UK signs deal for GlaxoSmithKline to produce 60 million doses of Novavax Covid-19 vaccine

UK signs deal for GlaxoSmithKline to produce 60 million doses of Novavax Covid-19 vaccine

The UK government has signed a deal with British pharmaceutical giant GlaxoSmithKline (GSK) to produce up to 60 million doses of the Novavax Covid-19 vaccine, Prime Minister Boris Johnson has announced.
"I can today announce that the vaccine taskforce has reached an agreement with GlaxoSmithKline to finish and bottle this precious fluid," Johnson told a coronavirus news briefing on Monday.

Manufacturing will take place at GSK's site in Barnard Castle, a town in the North East of England that drew headlines last year after it was visited by Johnson's then-top aide Dominic Cummings in breach of the national lockdown.

GSK will "fill and finish" vials of the US-developed vaccine at its Barnard Castle facility as soon as May, the company said in a statement.

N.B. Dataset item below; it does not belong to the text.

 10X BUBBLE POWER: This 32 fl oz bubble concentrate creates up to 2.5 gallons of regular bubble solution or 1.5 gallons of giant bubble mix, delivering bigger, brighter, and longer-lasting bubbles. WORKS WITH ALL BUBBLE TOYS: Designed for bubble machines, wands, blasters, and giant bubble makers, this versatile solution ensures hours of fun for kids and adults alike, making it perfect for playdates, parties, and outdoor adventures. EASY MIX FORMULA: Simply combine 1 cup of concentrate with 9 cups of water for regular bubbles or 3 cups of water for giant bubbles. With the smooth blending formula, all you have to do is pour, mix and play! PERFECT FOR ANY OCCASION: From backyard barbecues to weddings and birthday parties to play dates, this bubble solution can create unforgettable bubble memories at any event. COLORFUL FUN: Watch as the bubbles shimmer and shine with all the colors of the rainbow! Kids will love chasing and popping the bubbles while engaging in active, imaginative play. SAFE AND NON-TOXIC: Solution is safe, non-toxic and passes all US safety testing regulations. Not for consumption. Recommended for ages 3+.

The antigen component of the jab, which teaches the body to produce antibodies to fight Covid-19, will also be produced in the North East by FUJIFILM Diosynth Biotechnologies in the town of Stockton-on-Tees.

The government has secured 60 million doses of the vaccine under an advance purchase agreement with Novavax, but the jab will still need to be approved by the UK's drug regulator, the Medicines and Healthcare products Regulatory Agency (MHRA).

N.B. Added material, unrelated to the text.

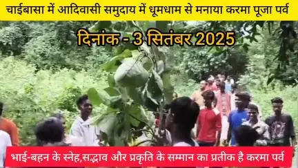 चाईबासा में आदिवासी समुदाय में धूमधाम से मनाया करम पूजा ,भाई-बहन के स्नेह,सद्भाव और प्रकृति के सम्मान का प्रतीक है करमा पूजा पर्व।

The results of a UK phase 3 trial of the jab earlier this month showed that it has an efficacy of 96% against the original form of Covid-19, as well as high protection against the variants from the UK and South Africa.

More than 30 million people have received their first dose of one of the UK's three approved vaccines made by Pfizer, Moderna and AstraZeneca.

During Monday's briefing Johnson did not refer to Barnard Castle explicitly, only saying that the vaccine would be made "in the North East."

Cummings was sighted in the town in April last year at the height of England's first lockdown when the government was urging people to stay at home.

Shortly after suffering Covid-19 symptoms, he drove from London to his parents' house in Durham, before driving to Barnard Castle to "test his eyesight", which he said had been affected by the virus.